# STBXW says I'm still in the running!



## melancholyman (Jun 1, 2009)

So, my wife and I, separated 10mos and 2 wks now, have been dating and have been physically intimate with each other for the past couple months.

She is still dating other men, but a rebound of mine recently ended, so I'm not dating anyone currently. She loves to tell me how I'm "ahead of the pack" and sometimes after a date with another man, she'll text me with "another boring date. You're still the blueprint".
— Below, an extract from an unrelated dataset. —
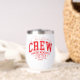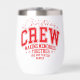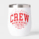 Christmas Crew Personalized Family Name Thermal Wine Tumbler features the text "Christmas Crew making memories together (add personalized name)" in modern red script typography. Perfect for Christmas gifts, family Christmas parties, family reunions and holiday celebrations and more. Created by Evco Studio www.zazzle.com/store/evcostudio
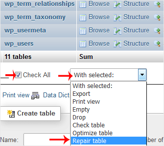 4. Scroll down and mark Check All. Then click on the drop-down arrow and select Repair table.

This past Sunday she again told me I was still in the competition. Now, at first, I sorta felt good knowing that she hadn't found anyone better than me yet, but just earlier today, I thought to myself, "why am I in any "competition" at all? Either she wants me or she doesn't". I don't like being toyed with in this way, but at the same time, I can't deny that I still really love my wife, and I'm almost sure that if I voice my true feelings about this, she'll say, "okay fine, we don't have to date anymore". And that would crush me. 

I've only really let it go this far because I thought we were finding each other again, and perhaps I could save the marriage. But hell, why should I be trying to win HER back?! She's the one that cheated on ME!! She should be trying to win ME back, not the other way around!

There are other factors involved, namely our young daughter who is simply ecstatic to see Mommy and Daddy getting along, holding hands and kissing again. The first time we hugged in front of her, my daughter cried tears of happiness. At that point, I decided I would do whatever was necessary.

There's also the sex factor. Look, I'm not dating anyone, so I'm not getting any. Sex with my ex was always fantastic, and I'm not sure I'm willing to give that up just yet. But then I throw up a little thinking she's screwing other dudes, too.

She once told me that someone told her a woman should have 3 men at all times; one who can support her financially, one who is great at sex, and one for emotional support. She truly believes this credo to be valid, so I think she's trying to live it out. Why can't one man (i.e. me) be all 3 of those things? Why must I compete with other men to win my own wife back??

She agreed to get a no-contest divorce (neither one of us can really afford lawyers), but when I told her I had an appointment with a lawyer who would start the no-contest on its way, she asked me not to go, saying it's not really necessary.

So, now we're not getting divorced? But we're still living separate and dating other people?? Just what the hell is she trying to do? And why are me and my daughter forced to ride this thing with her?


----------



## Amplexor (Feb 13, 2008)

melancholyman said:


> She once told me that someone told her a woman should have 3 men at all times; one who can support her financially, one who is great at sex, and one for emotional support. She truly believes this credo to be valid, so I think she's trying to live it out. Why can't one man (i.e. me) be all 3 of those things? Why must I compete with other men to win my own wife back??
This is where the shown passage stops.